Ubuntu 10.04 (Samba2:3.4.7~dfsg-1ubuntu3.6) , Ubuntu 10.10. (Samba
2:3.5.4~dfsg-1ubuntu8.4)

Winbind is using a Windows active directory. /etc/resolv.conf is
pointing at a Linux based DNS which "replicates" data from the Windows
DC.

Problem:

winbind starts up, issues DNS requests, is happy with its responses.

winbind gets its Kerberos token [see below for a related problem].

Everything is happy for 10 hours (Kerberos token lifetime).

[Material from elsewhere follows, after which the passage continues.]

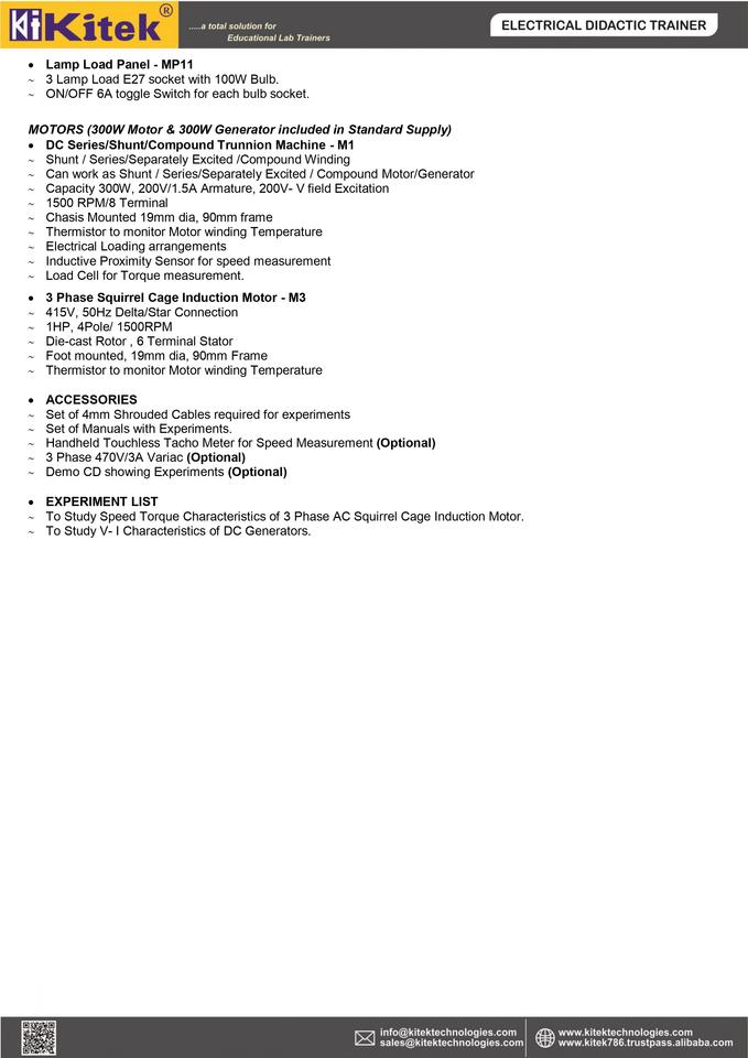 Kitek อุปกรณ์การเรียนการสอนสายอาชีพเครื่องกำเนิดไฟฟ้าโลหะ-II (แบบจำลอง KMG-02) สำหรับการฝึกอบรมเมคคาทรอนิกส์

The Kerberos token expires.

winbind starts issuing DNS requests to the same Linux server to find the
Kerberos server. It gets responses but this time it is not happy with
the contents.

After a few tries at getting the DNS response, winbind gives up on DNS
and drops through to LMHOSTS (nothing there) and finally SMB broadcast
mode.

The winbind client is on a different network from the Windows DC, so
broadcast gets no response.

winbind stalls issuing broadcast packets but not doing any work
(Kerberos has expired).

winbind still accepts client connections over its pipe, each of which
gets allocated a file descriptor. Its clients all stall, waiting for a
response from winbind.

Eventually winbind runs out of file descriptors and dies.

If winbind needs to open a new log file it cannot, all file descriptors
are in use.

Everything grinds to a halt waiting for a response from winbind, until
winbind is restarted.

Workaround:

Point /etc/resolv.conf at the Windows DC instead of the Linux name
server.

Outstanding:

Why does winbind accept the DNS responses at start up but not when
Kerberos expires?

winbind needs to reserve a couple of file descriptors for its log files.
Losing the log file in the middle of this problem was "interesting".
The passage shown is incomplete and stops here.